Required work: The range to repeat runs from the line with "そうしてナガノパープル大福か" to the last line below, both ends included; give it exactly and without pictures.

Given material:
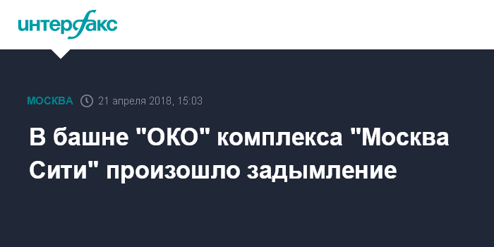 В башне "ОКО" комплекса "Москва Сити" произошло задымление
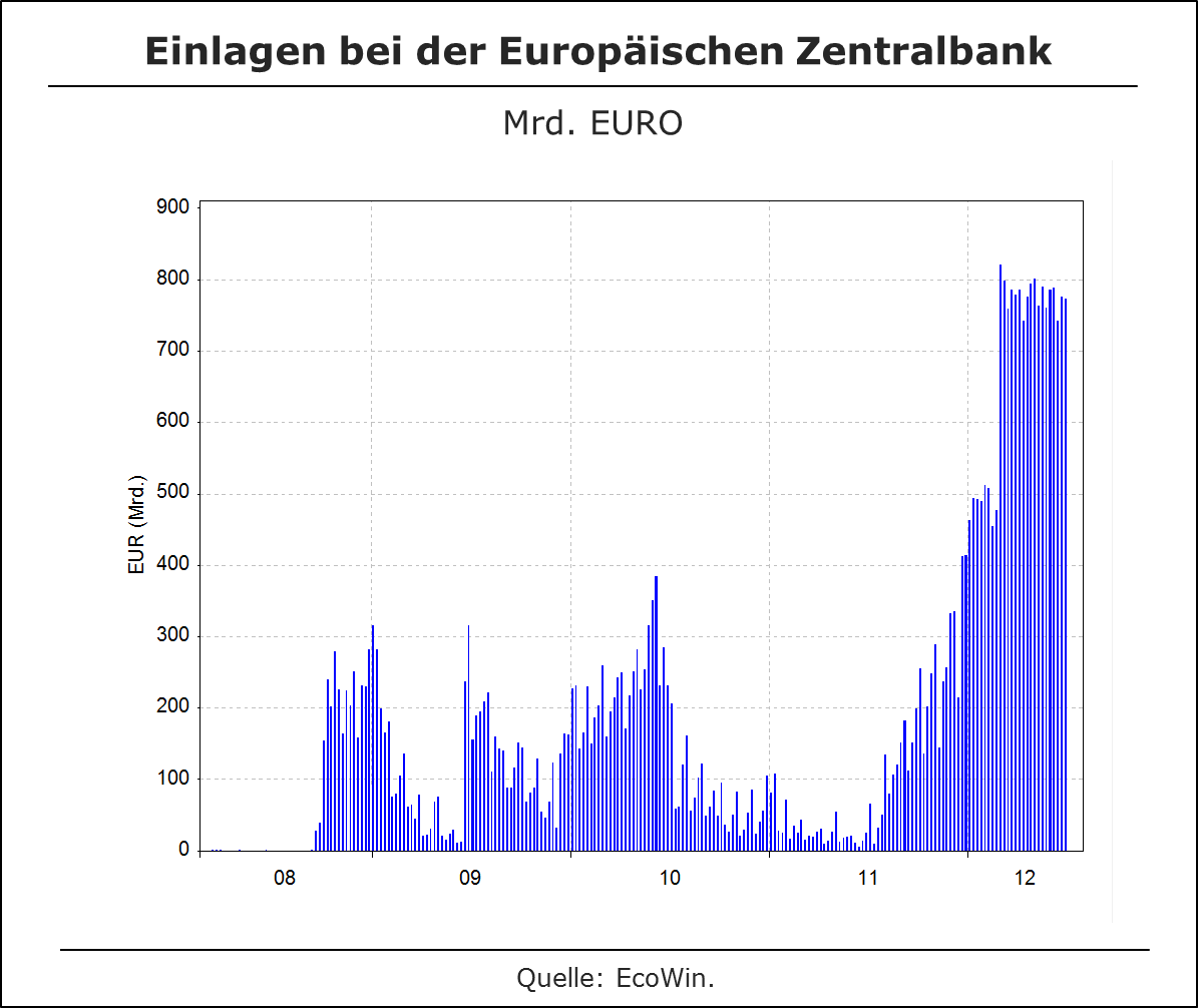 Auch der Hinweis darauf, dass durch die Senkung des Einlagenzinses auf 0 Prozent die Einlagen bei der EZB unattraktiver würden, ist wenig überzeugend. Grund für die Einlagen bei der EZB sind wohl weniger die zu erzielenden Zinsen, die auch bisher mit 0,25 Prozent bereits sehr niedrig lagen, sondern das mangelnde Vertrauen in andere Banken und damit die Funktion der EZB als „sicherer Hafen“. Es ist also der Sicherheitsaspekt, der gegenwärtig dazu führt, dass der geringe Zinsertrag überkompensiert wird und – wie Abbildung 1 zeigt – die Bankeinlagen bei der EZB in der jüngsten Vergangenheit auf über 800 Mrd. Euro ansteigen ließ. Diese Einlagenhöhe ist mehr als doppelt so hoch als nach der Lehman-Pleite im September 2008 und zu Beginn der Staatsschuldenkrise 2010. Hierdurch werden die tiefe Verunsicherung im Bankenbereich und die Zerrüttung des Interbankenmarktes deutlich, denen sicherlich nicht durch eine Zinssenkung um 0,25 Prozentpunkte begegnet werden kann.
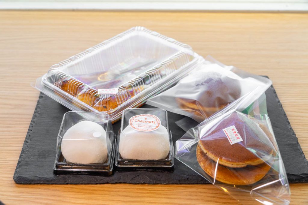 そうしてナガノパープル大福から、「和栗のモンブラン大福(237円)」「みたらし団子(119円×3の357円)」「朝焼きどら焼き(163円)」「生クリームどら焼き(183円)」などを購入。
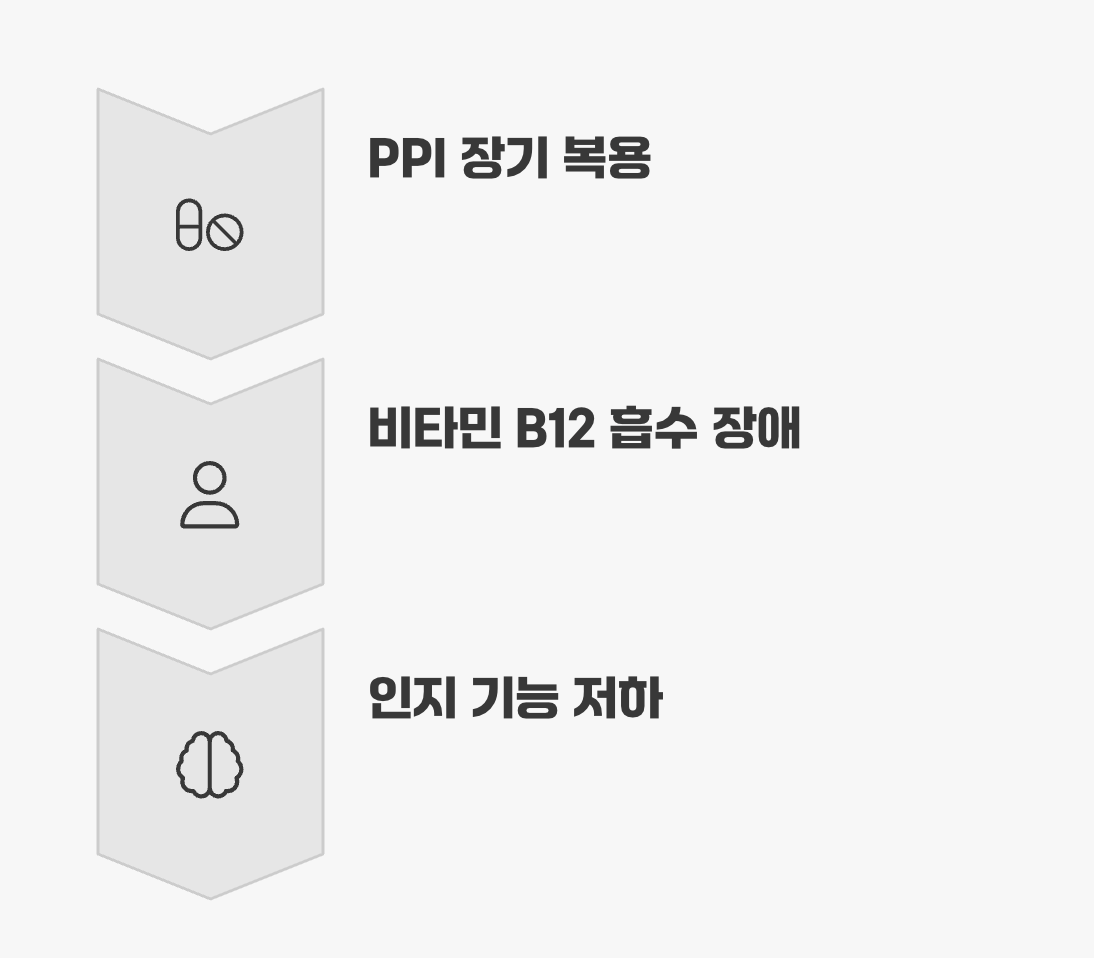 비타민 B12는 뇌 기능과 신경계를 건강하게 유지하는 데 필수적인 영양소인데, 음식물 속 단백질과 결합된 비타민 B12를 분리하여 흡수하는 과정에 바로 위산이 결정적인 역할을 합니다. 위산 분비가 장기간 억제되면 비타민 B12 결핍을 초래하고, 이는 인지 기능 저하나 신경 손상, 나아가 치매의 위험을 높일 수 있다는 것입니다.

Response area:
 そうしてナガノパープル大福から、「和栗のモンブラン大福(237円)」「みたらし団子(119円×3の357円)」「朝焼きどら焼き(163円)」「生クリームどら焼き(183円)」などを購入。
 비타민 B12는 뇌 기능과 신경계를 건강하게 유지하는 데 필수적인 영양소인데, 음식물 속 단백질과 결합된 비타민 B12를 분리하여 흡수하는 과정에 바로 위산이 결정적인 역할을 합니다. 위산 분비가 장기간 억제되면 비타민 B12 결핍을 초래하고, 이는 인지 기능 저하나 신경 손상, 나아가 치매의 위험을 높일 수 있다는 것입니다.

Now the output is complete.